This has always been my principal objection to CEV. I strongly suspect that were it implemented, it would want the death of a lot of my friends, and quite possibly me, too.
Why do we need a single CEV value system? A FAI can calculate as many value systems as it needs and keep incompatible humans separate. Group size is just another parameter to optimize. Religious fundamentalists can live in their own simulated universe, liberals in another.
What if space travel turns out to be impossible, and the superintelligence has to allocate the limited computational resources of the solar system?
Upvoting back to zero because I think this is an important question to address.
If I prefer that people not be tortured, and that's more important to me than anything else, then I ought not prefer a system that puts all the torturers in their own part of the world where I don't have to interact with them over a system that prevents them from torturing.
More generally, this strategy only works if there's nothing I prefer/antiprefer exist, but merely things that I prefer/antiprefer to be aware of.
It's a potential outcome, I suppose, in that
is a conceivable extrapolation from a starting point where you antiprefer something's existence (in the extreme, with MWI you may not have much say what does/doesn't exist, just how much of it in which branches).
It's also possible that you hold both preferences (prefer X not exist, prefer not to be aware of X) and the existence preference gets dropped for being incompatible with other values held by other people while the awareness preference does not.
The child molester cluster (where they grow child simply to molest them, then kill them) doesn't bother you, even if you never interact with it?
Because I'm fairly certain I wouldn't like what CEV(child molester) would output and wouldn't want an AI to implement it.
Assuming 100% isolation it would be indistinguishable from living in a universe where the Many Worlds Interpretation is true, but it still seems wrong.

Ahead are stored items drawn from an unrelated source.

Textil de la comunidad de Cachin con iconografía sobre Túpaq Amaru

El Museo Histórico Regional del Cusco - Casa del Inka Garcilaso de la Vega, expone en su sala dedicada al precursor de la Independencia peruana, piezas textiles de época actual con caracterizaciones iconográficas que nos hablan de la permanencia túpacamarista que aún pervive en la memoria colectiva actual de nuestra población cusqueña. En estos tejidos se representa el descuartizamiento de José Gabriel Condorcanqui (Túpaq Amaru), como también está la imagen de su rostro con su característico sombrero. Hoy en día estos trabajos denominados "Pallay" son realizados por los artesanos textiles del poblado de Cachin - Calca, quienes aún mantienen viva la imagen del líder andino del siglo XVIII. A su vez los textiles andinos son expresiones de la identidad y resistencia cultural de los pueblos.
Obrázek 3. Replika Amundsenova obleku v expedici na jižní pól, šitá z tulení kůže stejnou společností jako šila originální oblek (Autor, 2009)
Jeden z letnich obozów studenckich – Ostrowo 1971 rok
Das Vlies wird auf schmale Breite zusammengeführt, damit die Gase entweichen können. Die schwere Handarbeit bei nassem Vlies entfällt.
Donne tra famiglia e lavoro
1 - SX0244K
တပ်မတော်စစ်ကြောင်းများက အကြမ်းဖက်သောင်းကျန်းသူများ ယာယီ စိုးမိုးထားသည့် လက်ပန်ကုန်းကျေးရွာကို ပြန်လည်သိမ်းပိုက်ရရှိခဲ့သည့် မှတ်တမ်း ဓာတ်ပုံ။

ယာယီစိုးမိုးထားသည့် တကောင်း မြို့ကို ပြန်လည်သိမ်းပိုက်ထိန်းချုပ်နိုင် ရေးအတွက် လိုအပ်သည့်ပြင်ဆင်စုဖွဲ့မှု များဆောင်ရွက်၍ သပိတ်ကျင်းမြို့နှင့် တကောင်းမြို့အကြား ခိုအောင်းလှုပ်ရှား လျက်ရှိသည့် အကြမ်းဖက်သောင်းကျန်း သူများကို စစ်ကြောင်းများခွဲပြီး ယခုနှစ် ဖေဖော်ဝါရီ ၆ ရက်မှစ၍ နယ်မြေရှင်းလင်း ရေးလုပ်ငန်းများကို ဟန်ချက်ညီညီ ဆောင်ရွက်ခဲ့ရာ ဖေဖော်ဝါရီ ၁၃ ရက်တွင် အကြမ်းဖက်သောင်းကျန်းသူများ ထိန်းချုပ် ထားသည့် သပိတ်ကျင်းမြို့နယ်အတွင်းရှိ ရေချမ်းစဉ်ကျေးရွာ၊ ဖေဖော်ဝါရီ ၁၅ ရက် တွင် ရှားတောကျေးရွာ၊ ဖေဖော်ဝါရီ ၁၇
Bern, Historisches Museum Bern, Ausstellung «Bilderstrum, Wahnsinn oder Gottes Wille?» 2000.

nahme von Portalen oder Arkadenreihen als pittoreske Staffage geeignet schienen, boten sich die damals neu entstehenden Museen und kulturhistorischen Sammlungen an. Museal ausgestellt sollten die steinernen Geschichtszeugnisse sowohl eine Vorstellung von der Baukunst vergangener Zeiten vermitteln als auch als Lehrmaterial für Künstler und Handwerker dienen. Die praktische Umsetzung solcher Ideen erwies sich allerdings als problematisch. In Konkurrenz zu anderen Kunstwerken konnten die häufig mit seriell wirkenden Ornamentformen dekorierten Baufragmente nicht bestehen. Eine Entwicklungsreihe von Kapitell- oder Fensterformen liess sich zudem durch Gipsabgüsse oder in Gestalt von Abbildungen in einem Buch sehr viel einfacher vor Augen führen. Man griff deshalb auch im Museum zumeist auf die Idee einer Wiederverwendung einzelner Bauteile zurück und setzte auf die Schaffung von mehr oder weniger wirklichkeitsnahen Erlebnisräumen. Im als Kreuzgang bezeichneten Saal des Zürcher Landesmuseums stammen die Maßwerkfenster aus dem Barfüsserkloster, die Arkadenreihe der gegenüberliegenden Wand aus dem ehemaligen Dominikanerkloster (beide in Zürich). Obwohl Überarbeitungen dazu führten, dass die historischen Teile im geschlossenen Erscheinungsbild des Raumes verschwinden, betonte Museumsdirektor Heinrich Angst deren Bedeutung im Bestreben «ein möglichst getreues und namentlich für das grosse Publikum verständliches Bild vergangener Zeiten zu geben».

The FAI could consider avoiding groups whose even theoretical existence could cause offence, but I don't see any good way to assign weight to this optimization pressure.
Even so, I think splitting humanity into multiple groups is likely to be a better outcome than a single group. I don't consider the "failed utopia" described in http://lesswrong.com/lw/xu/failed_utopia_42/ to be particularly bad.
Well, not if "child-molesters" and "non-child-molestors" are competing for limited resources.
The failed utopia is better than our current world, certainly. But the genie isn't Friendly.
In principle, I could interact with the immoral cluster. AI's interference is not relevant to the morality of the situation because I was part of the creation of the AI. Otherwise, I would be morally justified in ignoring the suffering in some distant part of the world because it will have no practical impact on my life. By contrast, I simply cannot interact with other branches under the MWI - it's a baked in property of the universe that I never had any input into.
Wouldn't CEV need to extract consensus values under a Rawlsian "veil of ignorance"?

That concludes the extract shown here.